# Data for analysis:
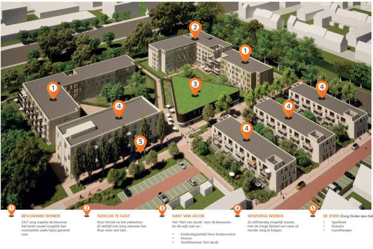De komende tijd worden de resterende gebouwen van Hof van Jacob gebouwd. In het centrale gebouw het ‘Hart van Jacob’ komen een vestiging van Hero Kindercentra, een horecagelegenheid en het nieuwe hoofdkantoor van Sint Jacob. Daarnaast worden er c.a. 90 huurwoningen gerealiseerd voor de sociale huur en middensegment. Onder het gebouw met de sociale huurwoningen wordt een ZOED gerealiseerd die onderdak biedt aan o.a. een huisarts, fysiotherapeut en apotheek.
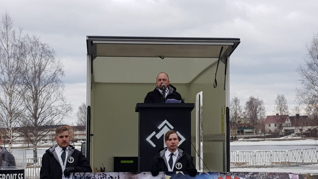 There were several speeches held. The Leader of the Nordic Resistance Movement, Simon Lindberg, was one of the speakers.
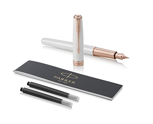 -. Binding : Office Product -. Brand : Parker -. Color : Pearl Lacquer Rose with Gold Trim -. EAN : 3501179315522 -. Feature : Pearl lacquer cap and barrel accented by rose gold-finished clip and trim / Fountain pen design with 18-karat solid gold nib with rose gold finish / Hand assembled and checked for flawless quality / Available in a range of beautiful designs and finishes / Packaged in a PARKER premium gift box -. Label : Newell Rubbermaid Office -. Manufacturer : Newell Rubbermaid Office -. Model : 1931552 -. MPN : 1931552 -. NumberOfItems : 1 -. PackageQuantity : 1 -. PartNumber : 1931552 -. ProductGroup : Office Product -. ProductTypeName : WRITING_INSTRUMENT -. Publisher : Newell Rubbermaid Office -. Size : Fine nib -. Studio : Newell Rubbermaid Office -. Title : Parker Fountain Pen, Pearl Lacquer Rose with Gold Trim , Fine nib (1931552)
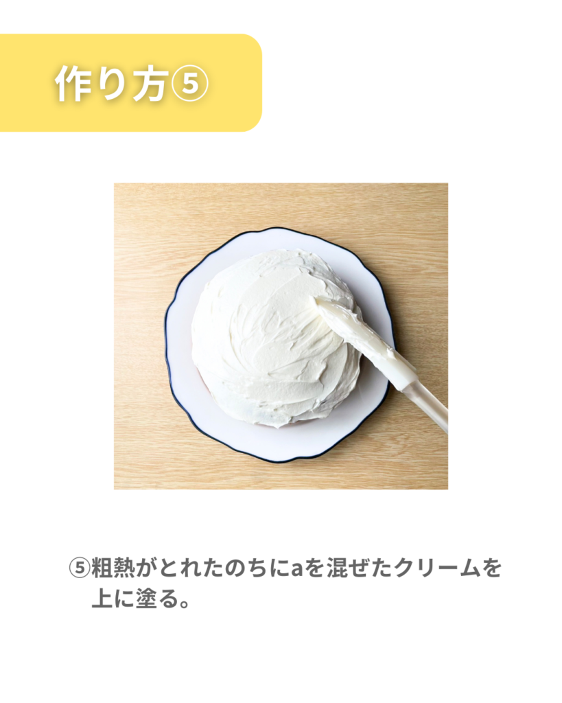 ⑤粗熱がとれたのちにaを混ぜたクリームを上に塗る。
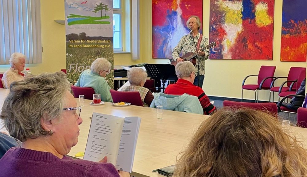 „Datt Lied van Borjenwannerwech“ (Das Lied vom Burgenwanderweg) ist dem Rennsteiglied ebenbürtig. Das zweisprachige Liederheft „Flämingische Klampfenlieder“ enthält neben den Liedern up Flämingisch auch die hochdeutschen Übersetzungen. So kam der klingende Vormittag bei allen Gästen des Seniorenfrühstücks bestens an. „Eine Fortsetzung wird es sicher geben“, so Bärbel Krämer vom Diakonischen Werk. Dieser Träger organisiert die wöchentlichen Treffen im Rahmen des Projektes „Pflege vor Ort.“
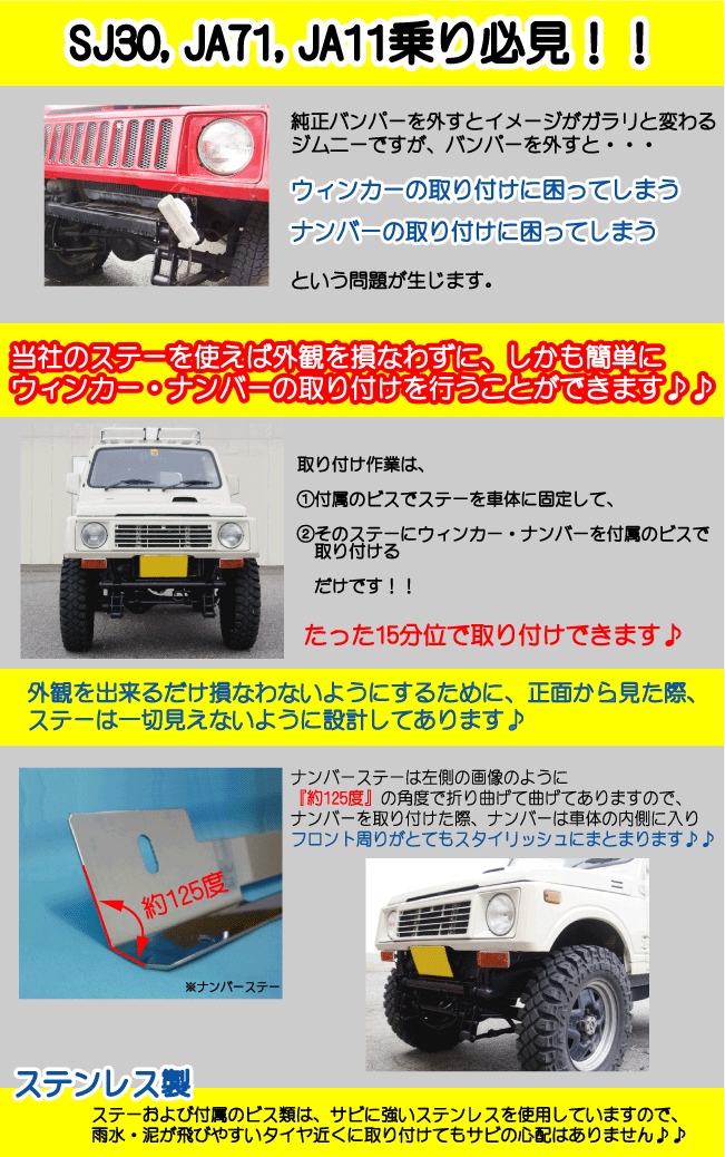 ジムニー用ウィンカー・ナンバー移動ステー 適用車種:SJ30,SJ40,JA71,JA,51,JA11,JB31

# About this exercise:
The answer is to be the lines of the listing from the first through the one with "(Das Lied vom", reproduced exactly, without any pictures.

# Solution to the problem:
De komende tijd worden de resterende gebouwen van Hof van Jacob gebouwd. In het centrale gebouw het ‘Hart van Jacob’ komen een vestiging van Hero Kindercentra, een horecagelegenheid en het nieuwe hoofdkantoor van Sint Jacob. Daarnaast worden er c.a. 90 huurwoningen gerealiseerd voor de sociale huur en middensegment. Onder het gebouw met de sociale huurwoningen wordt een ZOED gerealiseerd die onderdak biedt aan o.a. een huisarts, fysiotherapeut en apotheek.
 There were several speeches held. The Leader of the Nordic Resistance Movement, Simon Lindberg, was one of the speakers.
 -. Binding : Office Product -. Brand : Parker -. Color : Pearl Lacquer Rose with Gold Trim -. EAN : 3501179315522 -. Feature : Pearl lacquer cap and barrel accented by rose gold-finished clip and trim / Fountain pen design with 18-karat solid gold nib with rose gold finish / Hand assembled and checked for flawless quality / Available in a range of beautiful designs and finishes / Packaged in a PARKER premium gift box -. Label : Newell Rubbermaid Office -. Manufacturer : Newell Rubbermaid Office -. Model : 1931552 -. MPN : 1931552 -. NumberOfItems : 1 -. PackageQuantity : 1 -. PartNumber : 1931552 -. ProductGroup : Office Product -. ProductTypeName : WRITING_INSTRUMENT -. Publisher : Newell Rubbermaid Office -. Size : Fine nib -. Studio : Newell Rubbermaid Office -. Title : Parker Fountain Pen, Pearl Lacquer Rose with Gold Trim , Fine nib (1931552)
 ⑤粗熱がとれたのちにaを混ぜたクリームを上に塗る。
 „Datt Lied van Borjenwannerwech“ (Das Lied vom Burgenwanderweg) ist dem Rennsteiglied ebenbürtig. Das zweisprachige Liederheft „Flämingische Klampfenlieder“ enthält neben den Liedern up Flämingisch auch die hochdeutschen Übersetzungen. So kam der klingende Vormittag bei allen Gästen des Seniorenfrühstücks bestens an. „Eine Fortsetzung wird es sicher geben“, so Bärbel Krämer vom Diakonischen Werk. Dieser Träger organisiert die wöchentlichen Treffen im Rahmen des Projektes „Pflege vor Ort.“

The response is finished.